Commands that are substituted have all blanks, tabs, and newline characters
preserved, except for the final newline character, which is dropped. The resultant
text is placed in an anonymous temporary file, which is given to the command
as standard input. |
> File
>!File
>& File
>&! File |
Uses the specified File as standard output.
If File does not exist, it is created. If File exists, it is truncated, and its previous contents are lost. If
the noclobber shell variable is set, File must not exist or be a character special file, or an error results.
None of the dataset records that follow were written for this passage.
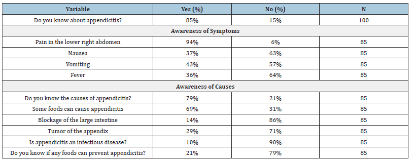 In this study, a total of 100 female students from the student dorm at M.O Saror, Almatama, River Nile State, Sudan, were interviewed. The demographic characteristics of the respondents are summarized in Table 1. The majority of participants (67%) were aged between 20 and 25 years, while 33% were younger than 20 years. The findings revealed that 16% of the participants had experienced appendicitis within the year 2021. When asked about their awareness of appendicitis, 85% of the participants were familiar with the disease, though there was variation in their understanding of its symptoms, causes, and preventive measures (Table 2).
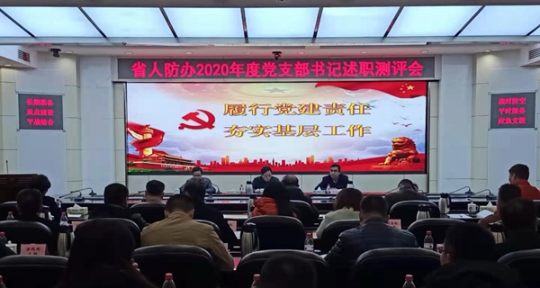 为落实“书记抓、抓书记”党建工作责任制,促进党支部标准化建设,12月29日,省人防办组织召开2020年度党支部书记述职评议大会,办领导、机关处室和直属单位各党支部书记及支部党员代表共37人参加会议。
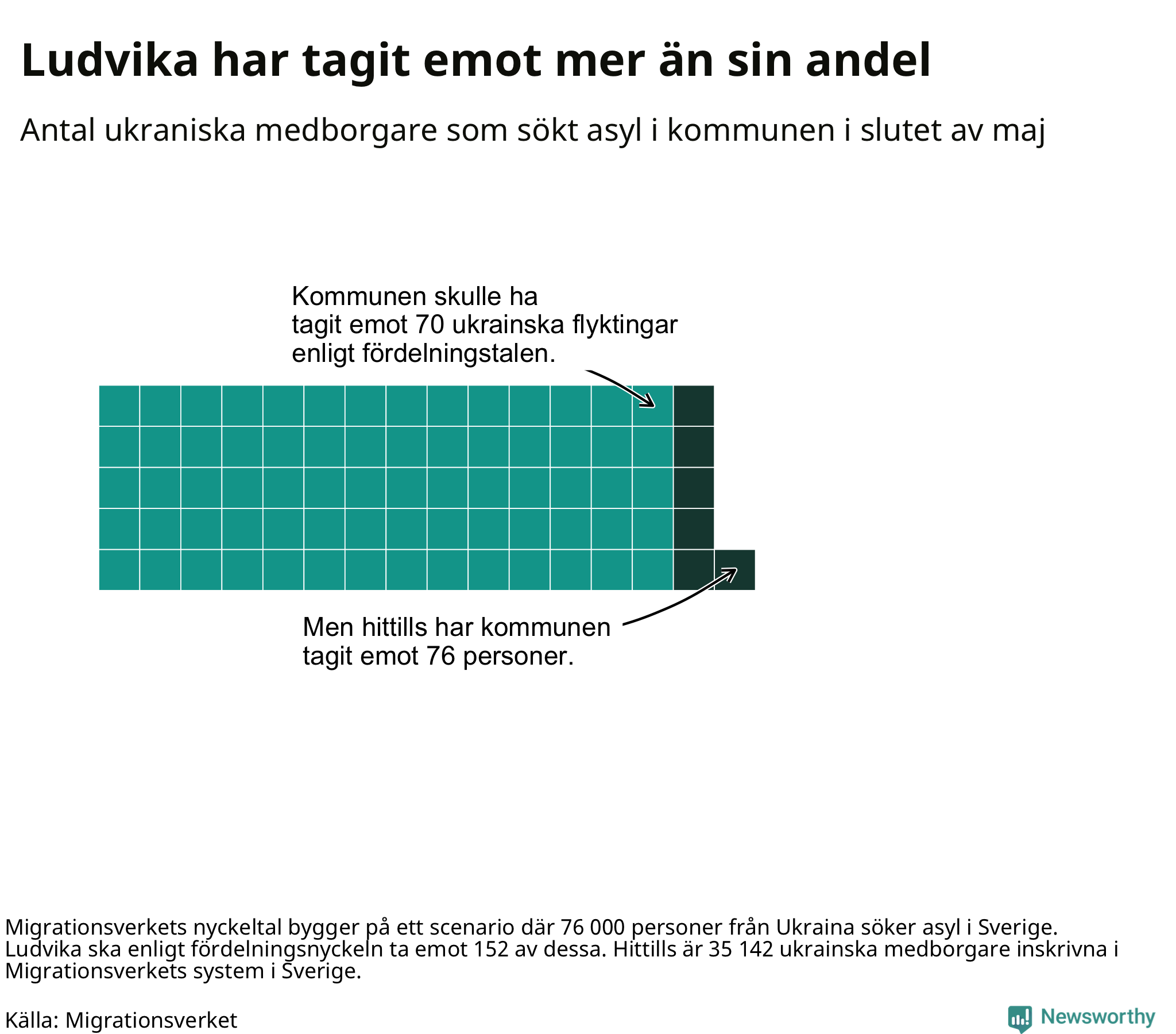 Fördelningsförslaget utgår från en tidigare prognos där 76 000 skyddssökande från Ukriana väntades under första halvåret. I den fördelningen ska Ludvika ta emot 152 av de 76 000. Vid samma fördelning borde Ludvika ha tagit emot 70 av de som anlänt hittills – kommunen har alltså tagit emot sex fler ukrainska medborgare än förväntat.

This helps prevent accidental destruction of files. In this case, use the
forms including an ! to suppress this check. File is
expanded in the same way as < input file names. The form >& redirects
both standard output and standard error to the specified File. The following example shows how to separately redirect standard
output to /dev/tty and standard error to /dev/null. The parentheses are required to allow standard output and
standard error to be separate.
% (find / -name vi -print > /dev/tty) >& /dev/null |
> >File
> >! File
> >& File
> >&! File |
Uses the specified File as standard output
like >, but appends output to the end of File. If the noclobber shell variable is set, an
error results if File does not exist, unless one of
the forms including an ! is given. Otherwise, it is similar to >. |
A command receives the environment in which the shell
was invoked, as changed by the input/output parameters and the presence of
the command as a pipeline. Thus, unlike some previous shells, commands that
run from a shell script do not have access to the text of the commands by
default. Rather, they receive the original standard input of the shell. Use
the << mechanism to present inline data, which allows shell command
files to function as components of pipelines and also lets the shell block
read its input. Note that the default standard input for a command run detached
is not changed to the empty /dev/null file. Rather,
the standard input remains the original standard input of the shell.
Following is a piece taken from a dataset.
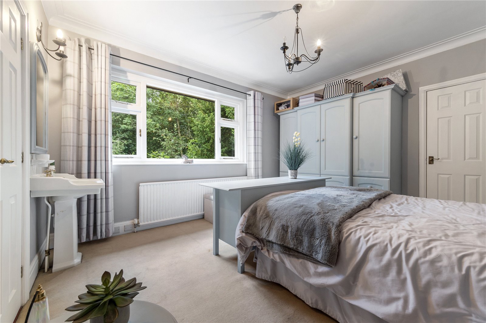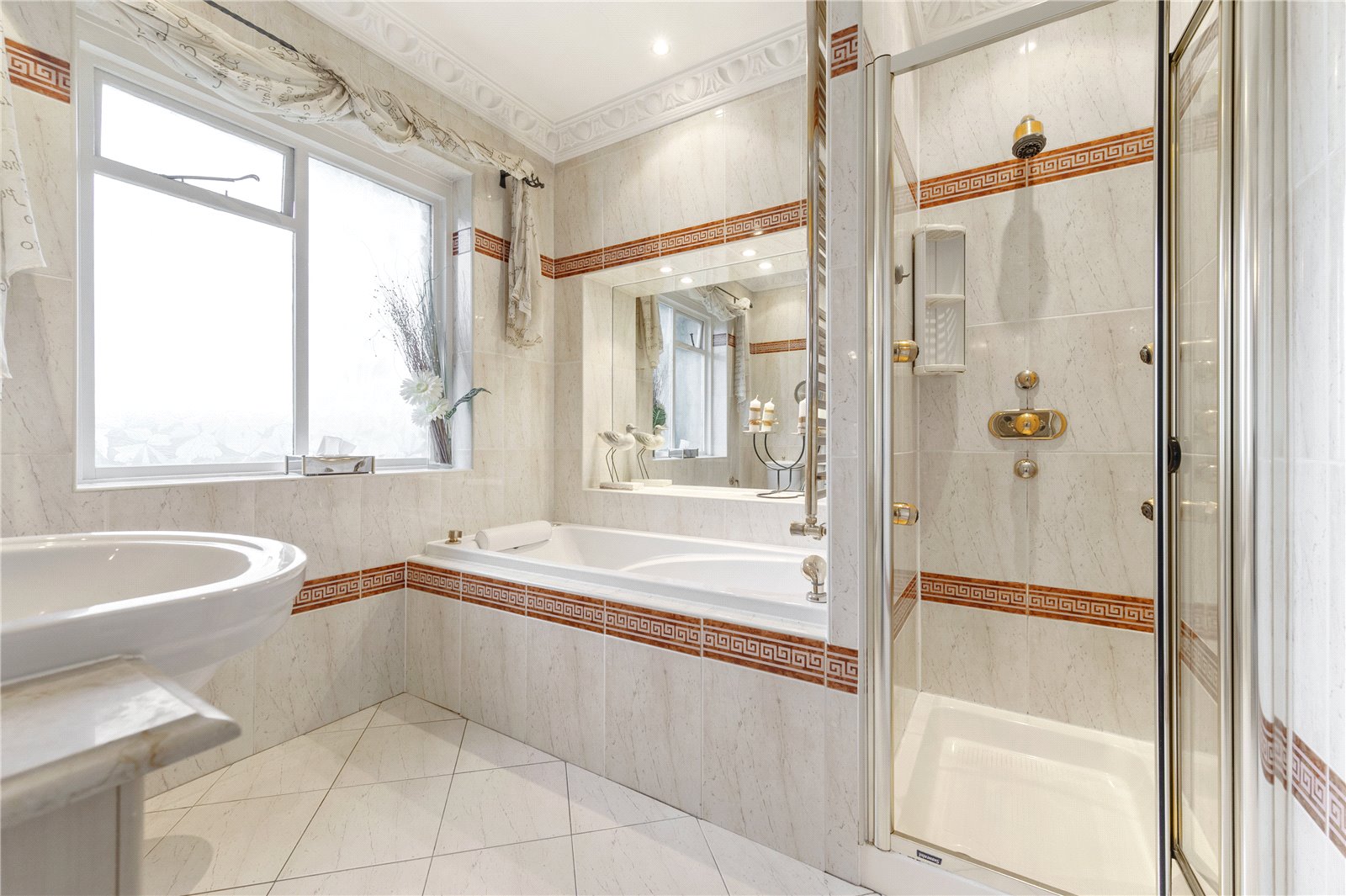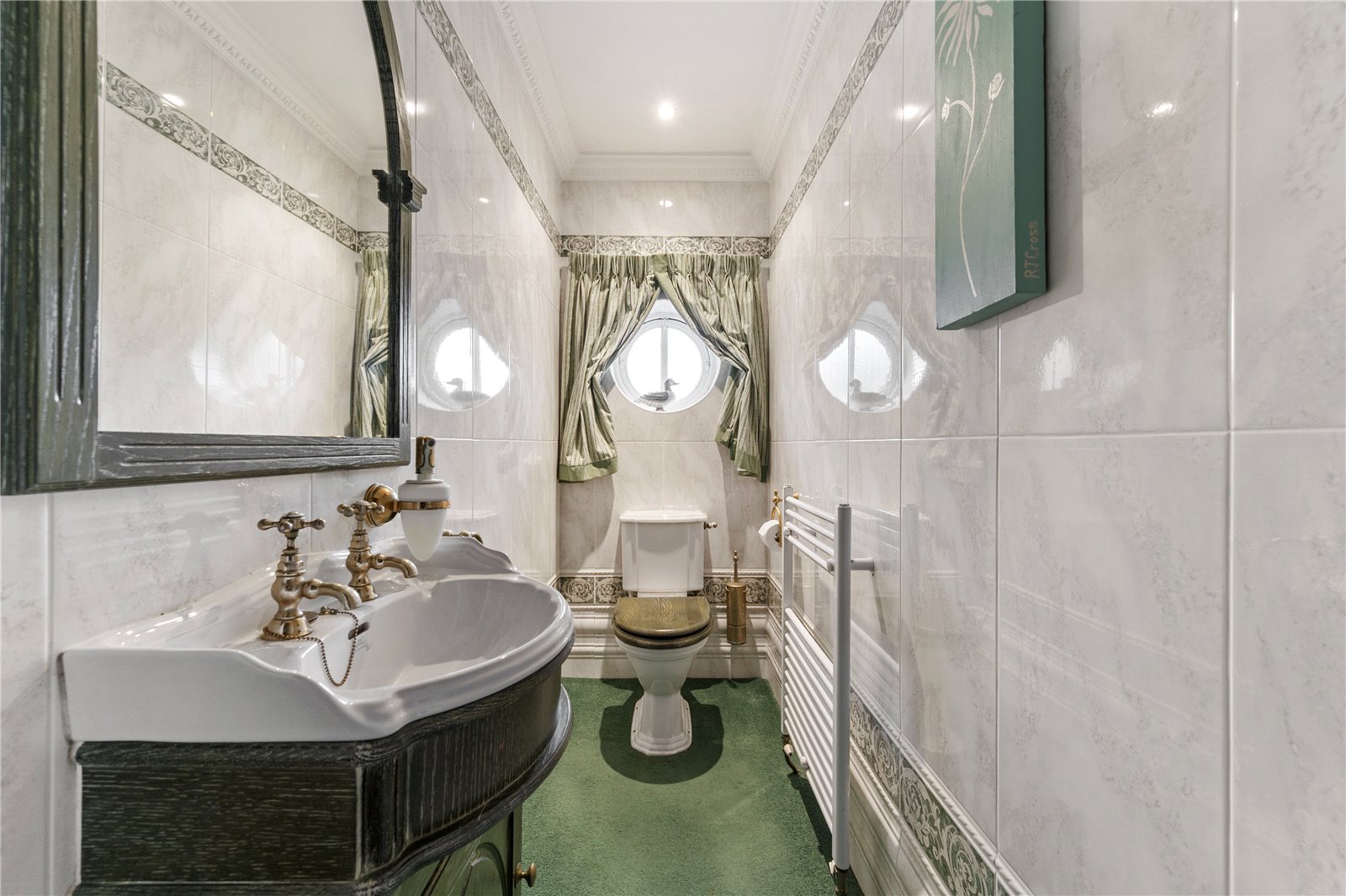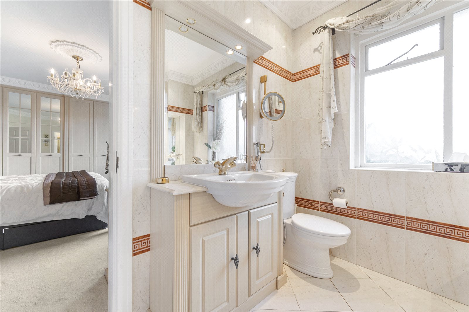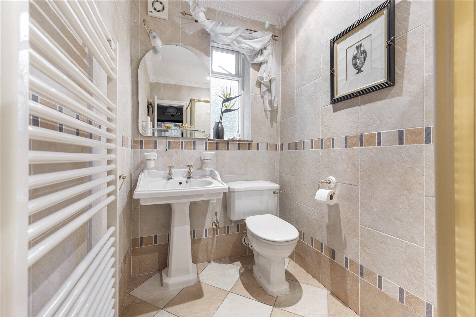 The first-floor landing, accessed via a feature staircase from the entrance hall, leads to five generously sized double bedrooms, two of which have en-suite facilities. A family shower room with a low-level WC, hand wash basin, and shower unit completes the upstairs accommodation.

To redirect the standard error through a pipe with
the standard output, use the form |& rather than only the |.
Control Flow
The shell contains commands that can be used to regulate
the flow of control in command files (shell scripts) and (in limited but useful
ways) from shell command-line input. These commands all operate by forcing
the shell to repeat, or skip, in its input.
The foreach, switch, and while statements, and the if-then-else form of the if statement, require that the major
keywords appear in a single simple command on an input line.
If the shell input is not searchable, the shell buffers
input whenever a loop is being read and searches the internal buffer to do
the rereading implied by the loop. To the extent that this is allowed, backward gotos succeed on inputs that you cannot search.